■ WHAT IS NEEDED
Retype nothing except the lines below from the one with "G-PR 3.22/360, Grundfeld" through the one with "STELLA GELATIERA PROFESSIONALE", exactly, with images left out.

■ RECORDS PROVIDED
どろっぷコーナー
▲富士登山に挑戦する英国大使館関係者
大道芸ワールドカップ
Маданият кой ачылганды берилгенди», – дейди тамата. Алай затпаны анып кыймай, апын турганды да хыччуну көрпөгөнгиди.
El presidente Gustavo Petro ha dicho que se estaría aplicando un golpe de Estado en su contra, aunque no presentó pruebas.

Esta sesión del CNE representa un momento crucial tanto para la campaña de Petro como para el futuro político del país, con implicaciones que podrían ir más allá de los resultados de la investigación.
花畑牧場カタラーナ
==
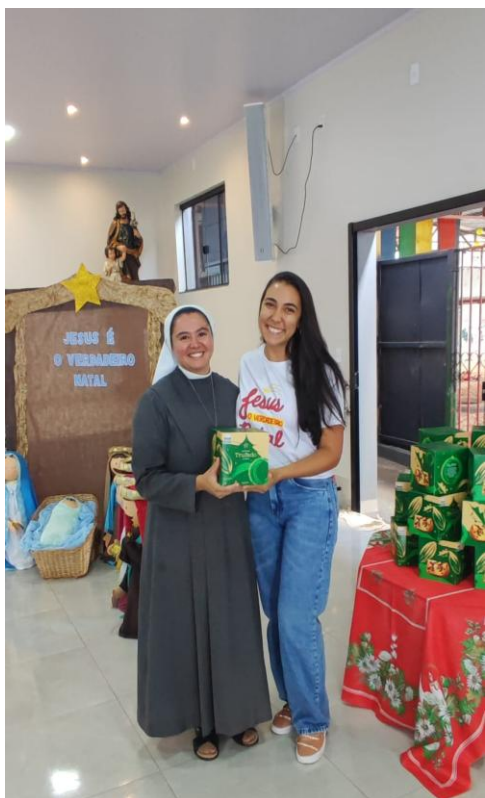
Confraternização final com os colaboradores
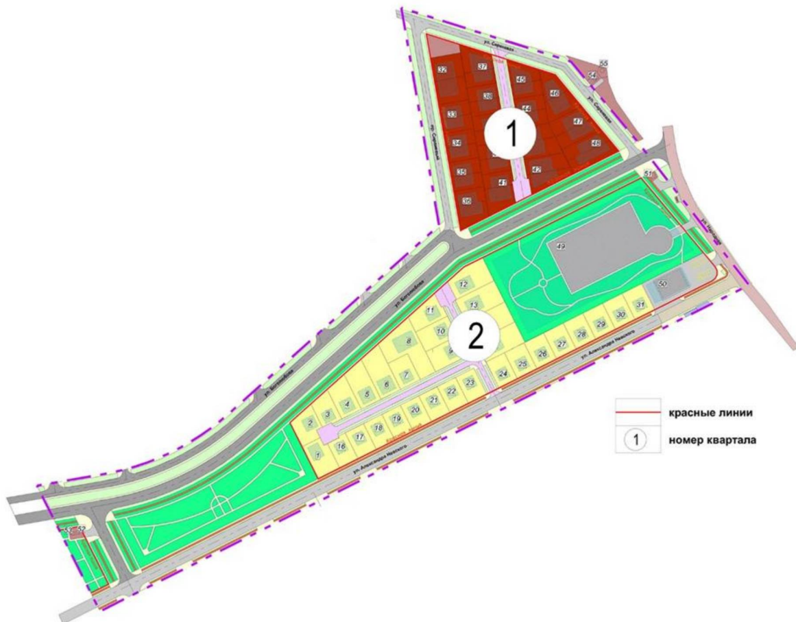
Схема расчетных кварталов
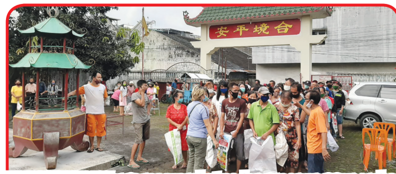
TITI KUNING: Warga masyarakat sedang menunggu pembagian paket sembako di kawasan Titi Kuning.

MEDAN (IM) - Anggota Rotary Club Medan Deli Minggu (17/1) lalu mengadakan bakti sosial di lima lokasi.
* * *
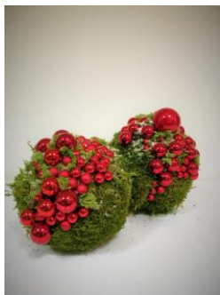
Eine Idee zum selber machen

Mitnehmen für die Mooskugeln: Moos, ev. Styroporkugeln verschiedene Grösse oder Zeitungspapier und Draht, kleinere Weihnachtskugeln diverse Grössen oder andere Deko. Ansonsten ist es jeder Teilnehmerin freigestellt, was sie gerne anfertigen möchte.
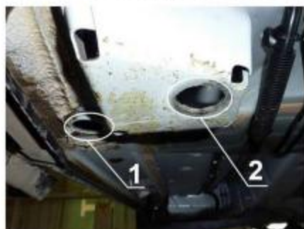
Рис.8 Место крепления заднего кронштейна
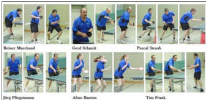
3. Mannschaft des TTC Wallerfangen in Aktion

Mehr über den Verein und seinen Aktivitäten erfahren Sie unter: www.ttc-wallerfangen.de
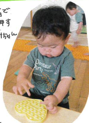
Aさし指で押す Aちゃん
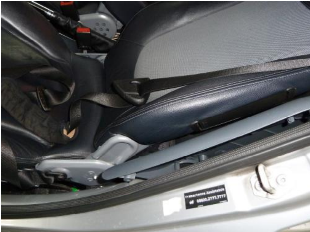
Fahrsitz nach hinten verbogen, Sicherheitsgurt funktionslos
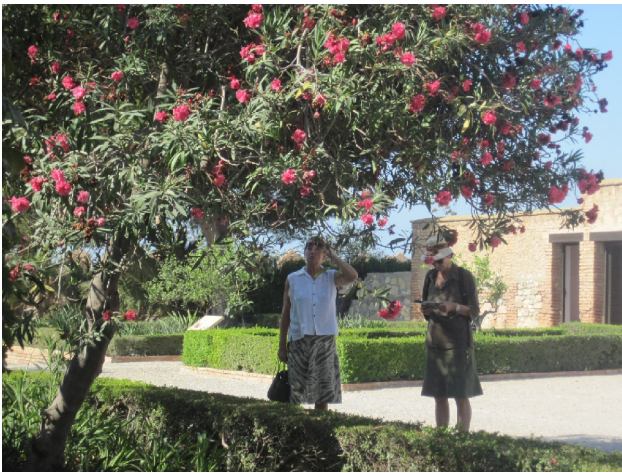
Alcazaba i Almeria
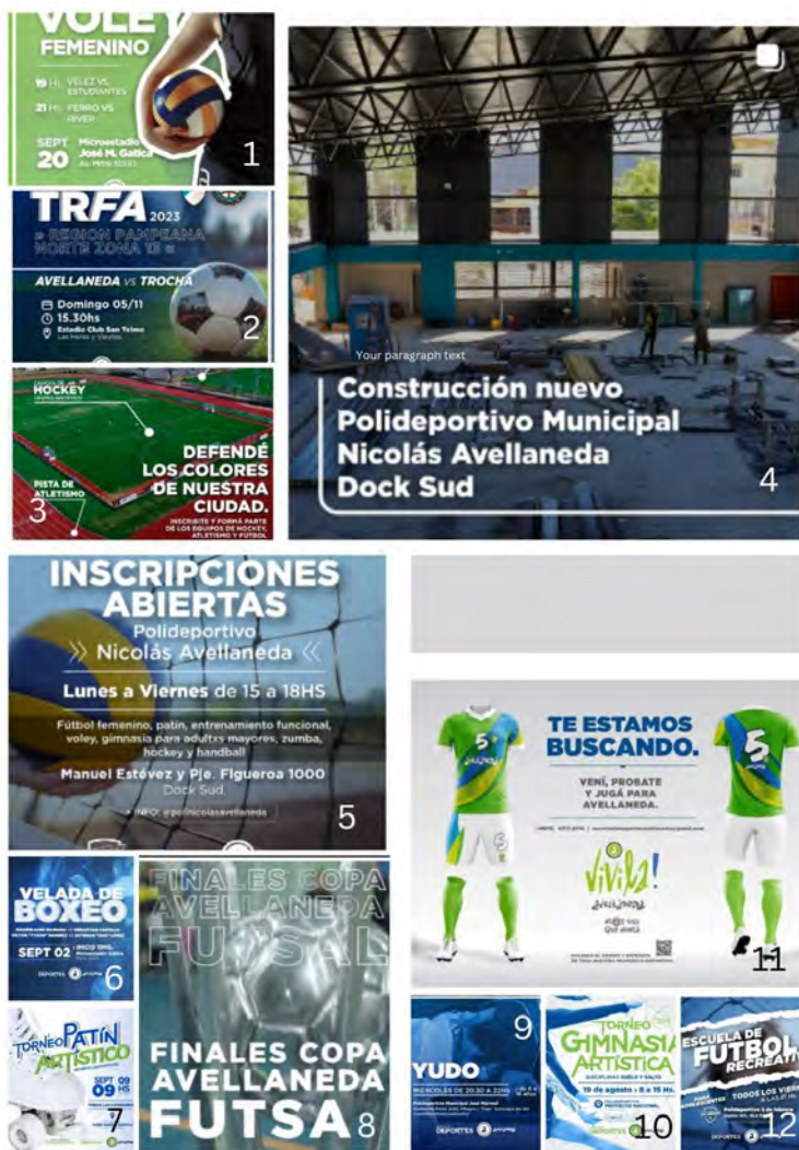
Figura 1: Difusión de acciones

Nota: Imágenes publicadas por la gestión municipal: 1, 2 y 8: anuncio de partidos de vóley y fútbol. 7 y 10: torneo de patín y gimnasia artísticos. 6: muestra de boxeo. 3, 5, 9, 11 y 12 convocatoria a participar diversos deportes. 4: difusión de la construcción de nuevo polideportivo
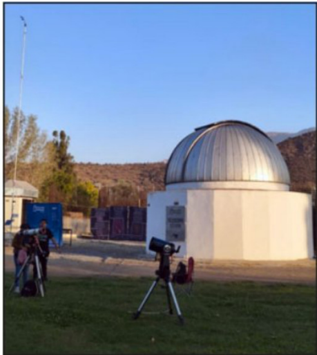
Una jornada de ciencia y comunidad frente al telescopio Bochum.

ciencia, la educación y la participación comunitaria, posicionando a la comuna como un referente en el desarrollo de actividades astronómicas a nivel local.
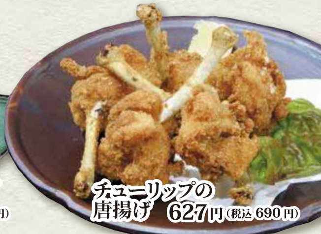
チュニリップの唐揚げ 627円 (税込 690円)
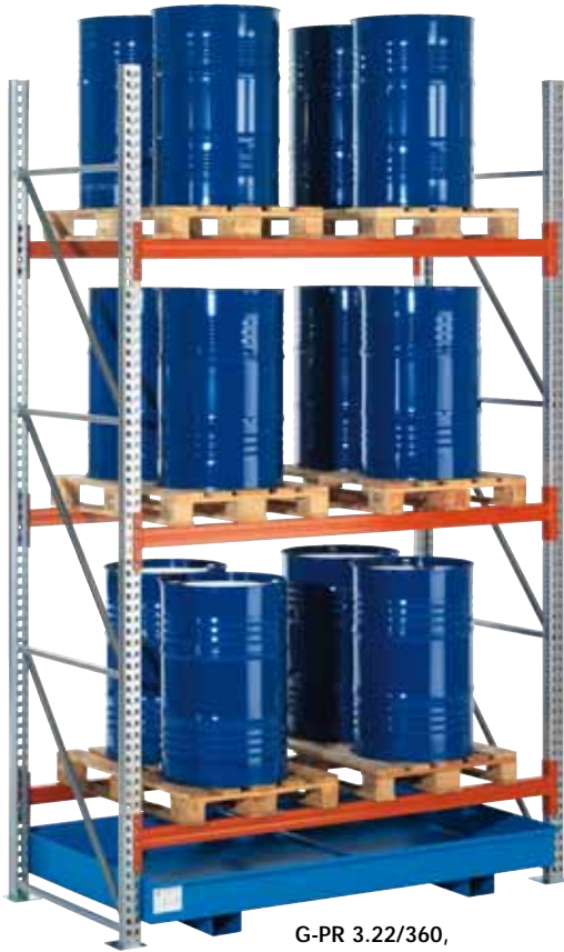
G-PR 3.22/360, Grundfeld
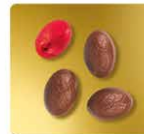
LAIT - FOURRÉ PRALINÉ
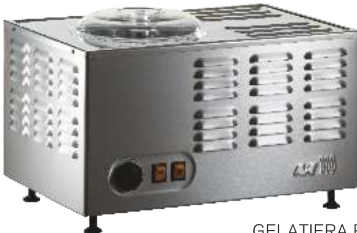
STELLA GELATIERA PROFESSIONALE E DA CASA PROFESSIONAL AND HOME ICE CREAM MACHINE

■ COMPLETED EXERCISE
G-PR 3.22/360, Grundfeld
LAIT - FOURRÉ PRALINÉ
STELLA GELATIERA PROFESSIONALE E DA CASA PROFESSIONAL AND HOME ICE CREAM MACHINE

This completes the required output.